La vicepresidente del Venezuela chiede una prova di vita di Maduro

Stando a Delcy Rodríguez negli attacchi di questa notte sono stati uccisi sia soldati che civili.
CARACAS - La vicepresidente venezuelana Delcy Rodríguez, nella sua prima apparizione pubblica diverse ore dopo gli attacchi aerei degli Stati Uniti, ha chiesto a Washington una prova che Nicolás Maduro e sua moglie Cilia Flores siano vivi. La richiesta viene interpretata dagli osservatori come un'ammissione indiretta che il leader sia stato catturato e non si trovi più a Caracas.
Rodríguez, in una telefonata al canale televisivo ufficiale VTV, ha affermato che Maduro ha firmato il decreto di stato di emergenza e che lei lo farà rispettare.
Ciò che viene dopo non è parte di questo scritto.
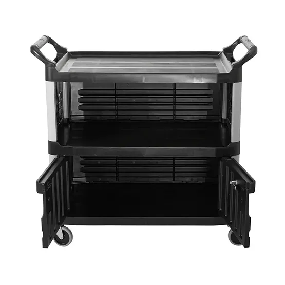 Xe đẩy phục vụ nhà hàng 2 tầng có vách kín và tủ FG409500BLA thường sử dụng để thu dọn bàn ăn, thu dọn chén đĩa nhà hàng cao cấp, phù hợp với nhu cầu phục vụ đồ ăn, thu gom thức ăn dư thừa trong khách sạn, nhà hàng, quán ăn, trung tâm hội nghị, phòng họp, hội trường, tổ chức sự kiện, tòa nhà văn phòng.

Il decreto prevede la sospensione delle garanzie costituzionali in Venezuela.
Da parte loro, fonti dell'opposizione venezuelana hanno riferito a Sky News di ritenere che la cattura di Nicolas Maduro sia stata il risultato di «un'uscita di scena negoziata».
Stando a Rodríguez, durante l'attacco statunitense di questa notte sono stati uccisi sia soldati che civili. «Condanniamo questo attacco contro il nostro popolo, che è costato la vita a funzionari, soldati, innocenti e civili», ha dichiarato la vicepresidente alla televisione di Stato.
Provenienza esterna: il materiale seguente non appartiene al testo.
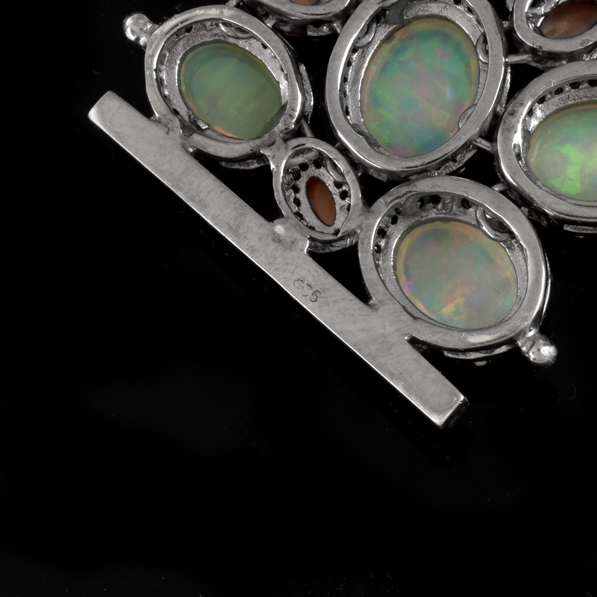 Approx. 175.0 Carat TW Opal and Angel Skin Coral, 4.50 Carat TW Single Cut Diamond and Silver White Bracelet. Opals with good play of multi colors. Diamonds H-I color, VS2-SI1 clarity. Measures 7-3/4" L, 1-1/8" W. Approx. weight:; 82.0 grams. Condition: Very good condition. Estimate: $2000.00 - $3000.00 Domestic Shipping: $32.00

Intanto, secondo il senatore repubblicano Mike Lee (che ha citato il segretario di stato Marco Rubio), Nicolas Maduro è stato arrestato e sarà processato in Venezuela.
«Mi ha informato che Maduro è stato arrestato per essere processato con l'accusa di reati penali negli Stati Uniti e che l’azione di questa notte è stata intrapresa per proteggere e difendere coloro che stavano eseguendo il mandato di arresto», ha detto Lee citato da Cnn.
Secondo Lee, Rubio non prevede «ulteriori azioni in Venezuela» ora che Nicolas Maduro è stato catturato.
Nel frattempo il Venezuela chiede una riunione urgente del consiglio di sicurezza dell'Onu dopo l'attacco degli Stati Uniti. «Nessun attacco vile prevarrà contro la forza di questo popolo, che uscirà vittorioso», ha detto il ministro degli esteri del Venezuela Yvan Gil Pinto, stando alla Cnn.